Fame est de trop foible nature,
De noient rit, de noient pleure,
Fame aime et het en trop poi d'eure;
Tost est ses talentz remuez:
Qui fame croit, si est desvé. 120
Pourtant, malgré les rapprochements que nous pouvons effectuer, il est évident que
Chrétien n'a pas voulu faire de Laudine une nouvelle matrone d'Ephèse. En effet, si elle passe
aussi vite de la haine à l'amour, ce n'est pas tout à fait d'elle-même. Sans l'intervention de Lunete,
Laudine n'aurait pas songé à remplacer de si tôt le défenseur de la fontaine. Sa douleur quand
elle pleure la mort de son mari est sincère.
C'est Lunete qui va tout faire pour persuader Laudine de sécher ses larmes et de songer
à prendre un époux car il va falloir défendre la fontaine: le roi Arthur arrive dans une semaine et
Laudine ne devra pas compter sur ses chevaliers qui sont trop lâches pour repousser qui que ce
soit. Dans un premier temps, la veuve s'indigne et chasse sa suivante, mais sa curiosité a été
éveillée. La suivante revient et prouve à sa maîtresse qu'Yvain est plus vaillant qu'Esclados
l'ancien défenseur de la fontaine. La nuit, la Dame réfléchit a la proposition de sa confidente.
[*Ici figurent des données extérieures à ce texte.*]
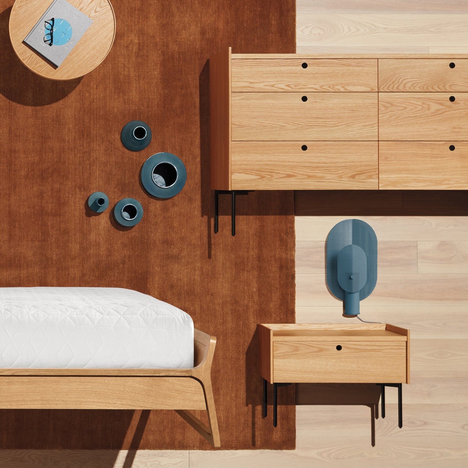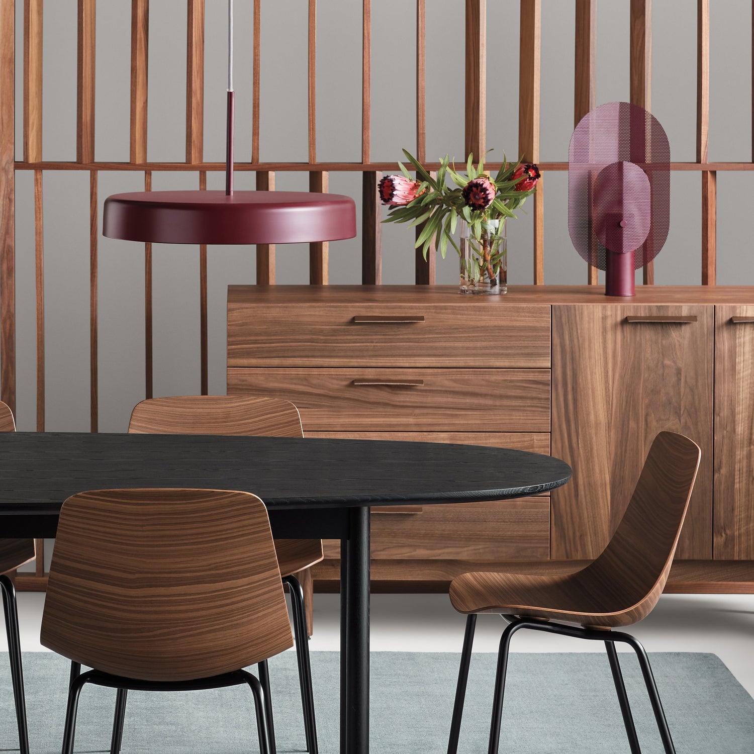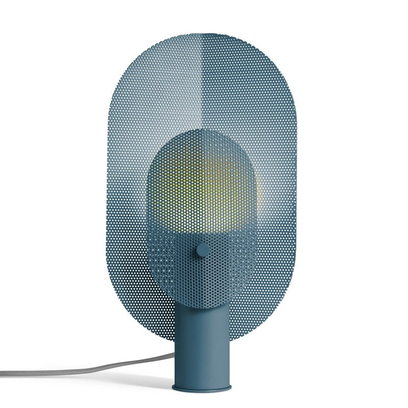A charming modern lighting design, the Blu Dot Filter Table Lamp features an inventive composition in which two parallel oval discs of perforated metal act as attractive filters for the integrated light source. The dimmable feature allows you to change the brightness to really set the mood depending on the room. The Filter is a striking table lamp that remains ideal for any space were ambient light is needed.

Dans son for intérieur elle est d'accord pour prendre Yvain comme époux: elle se persuade selon
"droit son et reison" (vers 1776) qu'elle ne doit pas le haïr- Dans une sorte de procès où elle joue
tous les rôles, elle disculpe Yvain:
"Viax tu donc, fet ele, noier
que par toi ne soit morz mes sire?
- Ce, fet-il, ne puis je desdire,
Einz 1'otroi bien. - Di donc por coi
Feïs le tu? Por mal de moi
Por haïne, ne por despit?
- Ja n'aie je de mort respit
S'onques por mal de vos le fit.
Donc n'as tu rien vers moi mespris
Ne vers lui n'eüs tu nul tort,
Car s'il poïst, il t'eüs mort;
Por ce, mien escïant, cuit gié
Que j'ai bien et a droit jugié." 1774
Pour Laudine, Yvain n'est pas dans son tort puisqu'en tuant Esclados il ne voulait pas lui faire de
mal. Elle lui pardonne son geste.
Le "procès" d'Yvain a été rapide: sa faute, si on peut encore parler de faute, a été
minimisés. Laudine est complètement acquise à sa cause, et durant leur première entrevue,
Yvain n'aura pas beaucoup de peine à se justifier de son meurtre: Il évoque la légitime défense.
(vers 2001 à 2006)
Yvain fait sa déclaration d'amour. Il ne reste plus à Laudine qu'à régler le côté politique de
ce remariage: l'assemblée des barons donne son sentiment- le sénéchal de Laudine prononce un
discours dans lequel i1 démontre que le remariage de la Dame est une nécessité absolue (vers
2083 à 2106). Tout le monde approuve le choix de Laudine:
"Tant li prient que ele otroie 2139
ce qu'ele feïst tote voie,
qu'Amors a feire 1i comande
ce don los et consoil demande;" 2142
Ayant eu l'approbation de ses gens, Laudine peut épouser sans remords le meurtrier de son mari:
l'honneur de la dame est sauf et tout scandale est évité .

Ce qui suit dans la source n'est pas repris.